What It Takes To Train Animals In Film & TV

By Amanda Wattie

Have you ever wondered what it’s like to be an animal trainer on tv and movie sets? I’ve had the unique experience of working with a Toronto, Canada-based animal production company (Furry People Productions) and have been involved with TV shows for major networks and streaming services and even some movies.

I’ve had the pleasure of working with not only other people’s animals but working with my own, too. I’ve learned along the way that for a dog or cat to go from a loving member of the family to a bonified actor/model, it takes solid obedience skills. They should have an excellent sit-stay, and a reliable recall essential for any off-leash work. Of course, an animal that loves working for treats is perfect and helps them stay focused while working.

Working with an animal on set is like working with a child. It takes patience and proper planning to get the best results. My goal as a trainer, is always to make sessions short and fun. In other words, a training session during which they will always be rewarded. This helps build their confidence and understanding with their new “job” and leaves them happy and excited to do more.

By now, you might be saying, this is all great. But what is it like on set?

Before being on set, there’s prep work. For example, the animal sometimes spends days or weeks learning a new trick for a specific scene or photoshoot. Then, the day before being on set, they go for grooming, get their nails trimmed, and their hair brushed, washed, and fluffed. I also like to put together supplies I think we might need, such as treats, toys, brushes, leashes, and anything else I think we may need or that could make the day more comfortable.

Once on set, we set up camp in our designated area that’s typically away from the hustle and bustle of filming and the crew so either the dog or cat can relax and even take naps between scenes.

If there are specific scenes between an actor and the animal, we need to account for the dog or cat’s personality and how much time they may need to bond with them before shooting the scenes.

Sometimes scenes are set up to look like the animal is near an actor, but if they’re not on camera at the same time, we can take the pressure off the dog or cat and film them separately. When filming separately, we can reduce the crew around, which reduces potential distractions and usually results in a more natural, relaxed look.

Sometimes things don’t go as planned. A dog wants to play or doesn’t want to look in a specific direction. This is where a trainer’s expertise and quick thinking come in handy. If a dog wants to play, I like to turn it into part of the reward. I start playing with them, then ask for a basic command like a sit or lay down and reward them with the play they desire.

Once I have them focused, I ask them for the desired action in the scene, and they get rewarded with a small play session before we shoot again. When play is no longer the expected reward, we go back to a treat, toy, or whatever they love. Throughout shooting, the dog or cat needs to take breaks so they can go eat, drink, or even relax. Their welfare is always a top priority.

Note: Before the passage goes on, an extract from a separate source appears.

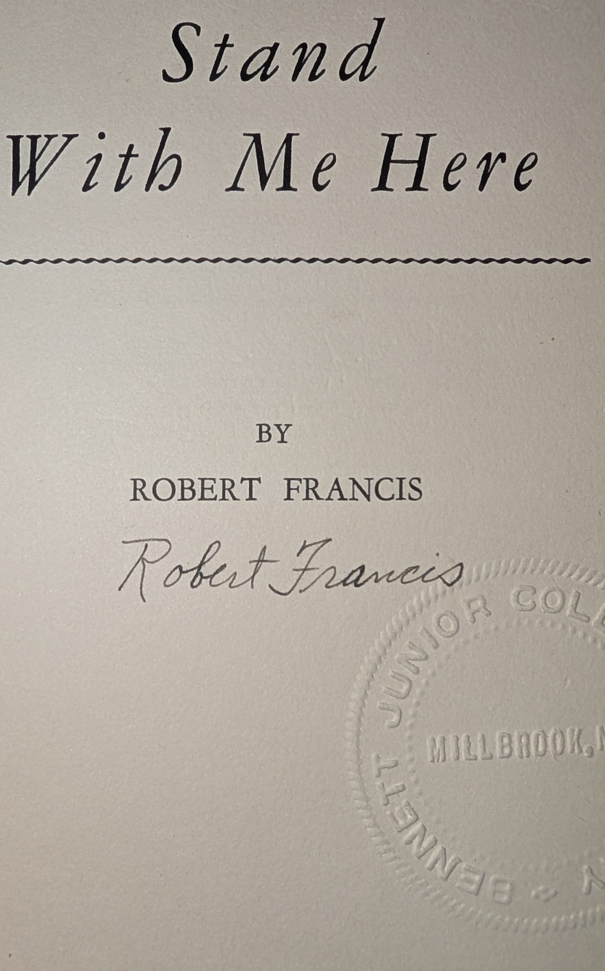 In my own curve, I decided to go digging through some of my first editions and pulled out Robert Francis’ 1936 Stand Here with Me. This particular copy was originally part of the library at the long-gone Bennett Junior College. It has both Francis’ signature and Bennett’s embossed seal. There’s something really spiritual about these remnants of former existence being on the page together. A reminder of impermanence and our own place in the cycles.

Being on set is a fun and memorable experience, especially when you have a talented team and support. If you’re thinking about getting your pet into the show business, I suggest seeking a reputable animal production company near you. Work on having solid basic obedience skills like sitting and laying down. Getting them used to busy environments will help them feel more relaxed when away from home and in a new, busy environment such as being on a set. If your pet already handles this as a pro, teach them a new trick! It could just be the thing that sets them apart from others they might be considering and help them land a role.

All of these suggestions are excellent skills you can do at home and can be used throughout their lives.